On February 10, 2020, police arrested seven people while raiding the Unist’ot’en camp in northwestern British Columbia. Among those arrested were Freda Huson and her niece Karla Tait, both respected members within Wet’suwet’en culture. Their detainment helped trigger a cascade of solidarity actions across the country that ground the national economy to a halt. For a moment, at least, Canada was paying attention to Indigenous rights. A year later, it may seem as though little has changed. But, after years of resistance, the Wet’suwet’en hereditary leaders have achieved a long-awaited breakthrough in government–Indigenous relations.
The Unist’ot’en camp, established in 2010, has been a hub of Wet’suwet’en cultural resurgence and, by extension, a base of resistance to pipeline development in the nation’s territories. Since 2015, members of the Wet’suwet’en community and their supporters have erected checkpoints to stop TC Energy employees and contractors from building the Coastal GasLink pipeline, which would transect about 190 kilometres of Wet’suwet’en territory. Protests last winter blocked ports, bridges, border crossings, and railway corridors. Dennis Darby, CEO of Canadian Manufacturers and Exporters, demanded government action as the $425 million of goods that Canadian railways carry each day had been left stranded.
The spread of COVID-19 and the resulting global economic shutdown would overshadow news of the blockade, the protests, and their aftermath.
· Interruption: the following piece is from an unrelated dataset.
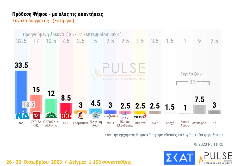 Στις 18,5 ποσοστιαίες μονάδες τοποθετείται η διαφορά της Νέας Δημοκρατίας με τον ΣΥΡΙΖΑ, σύμφωνα με νέα δημοσκόπηση της Pulse για λογαριασμό του ΣΚΑΪ.

But Wet’suwet’en resistance continued, and in the midst of pandemic lockdowns, Wet’suwet’en hereditary chiefs achieved a milestone, signing a Memorandum of Understanding on May 14 that recognizes their authority over the territories and outlines a process for negotiating shared jurisdiction. The agreement affirms the provincial and Canadian governments’ recognition that Wet’suwet’en traditional authorities hold territorial rights and title “under their system of governance.”
The memorandum marks an apparent shift in provincial policy. It is the first instance in which the province has signalled its willingness to proactively recognize Aboriginal title and negotiate shared jurisdiction over the land. It reflects the government’s commitment to engage Indigenous governance traditions not simply as a historic residue to be removed but as part of the future of resource management in the province.
Now, a year after the protests began, it’s not yet clear how shared jurisdiction between the provincial government and hereditary chiefs would work. How can legal paradigms that treat natural resources as commodities be married to Wet’suwet’en responsibilities to the spirit of the land? If history is any indication, the province still has much to learn.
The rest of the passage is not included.